日化精工、接着剤などの研究・生産施設増強 半導体、部品向け需要拡大 (1/2ページ)

半導体・電子部品の素材加工で使用する仮止め用接着剤(ワックス)
半導体・電子部品の素材加工で使用する仮止め用接着剤(ワックス)【拡大】

 半導体・電子部品の素材加工で使用する仮止め用接着剤(ワックス)や表面保護材を製造販売する日化精工は、高付加価値製品の開発、製造を強化する。電気自動車(EV)や携帯端末などの市場拡大に伴って半導体・電子部品の需要増が予想されるとともに、中国製品との価格競争が激しさを増していることから、顧客の生産コスト低減につながる製品で差別化を図る。

 製造と品質管理の中枢である宇都宮工場で、研究施設を210平方メートルから330平方メートルに拡張し、生産能力も30%増強して、8月までに稼働させる。

 半導体・電子部品はシリコンなどの素材を、台に固定して切断、研磨して製造する。このとき固定剤としてワックスなどが用いられる。加工中はしっかり接着し、作業終了後は簡単に取り除ける。同社はワックスで世界シェア7割を占めている。また、ワックスで固定するとともに加工中の汚れを防ぐため、素材に表面保護剤を塗る。こうすることで生産効率と加工精度が上がり、品質向上にもつながる。

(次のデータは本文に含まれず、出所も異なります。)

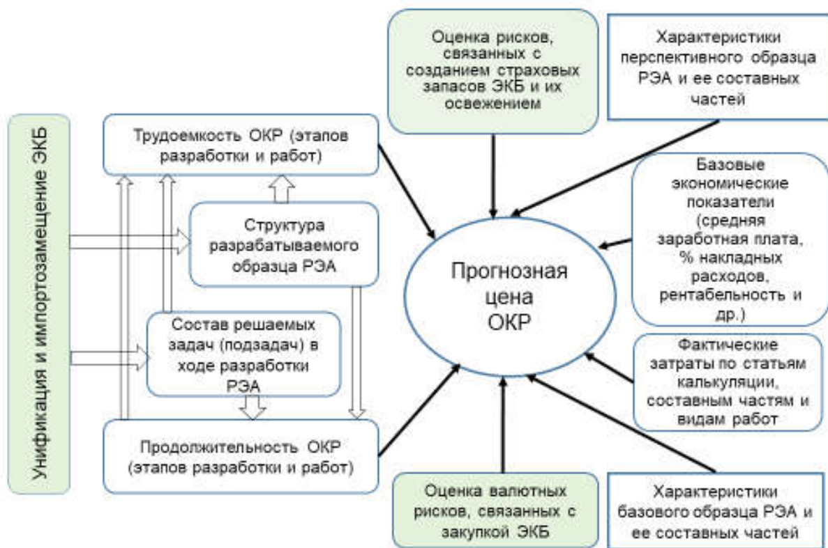
Рисунок 4 – Определение затрат (в постоянных ценах) на ОКР и отдельных этапов

Следует отметить, что определение затрат на выполнение ОКР и ее отдельных этапов носит комплексный характер (рисунок 4), состоящий в следующем: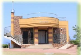
トイレ兼用展望台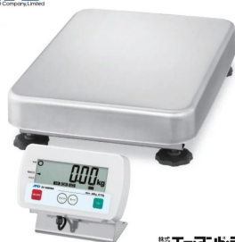
写真は、商品イメージです。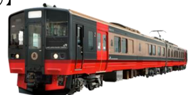
フルーティアふくしま（イメージ）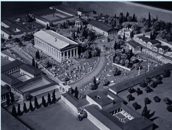
Εικόνα 1. Αναπαράσταση του ιερού της αρχαίας Ολυμπίας

 ワックスや表面保護剤は、顧客の生産方式や製造機器ごとに仕様が異なる。このため顧客ごとのオーダー生産であり、きめ細かな多品種少量製品で要望に応えている。今後、EVやIoT(モノのインターネット)化による携帯端末市場の成長により、さらにニーズの多様化が進むと予想されるため、研究開発と製造を強化する。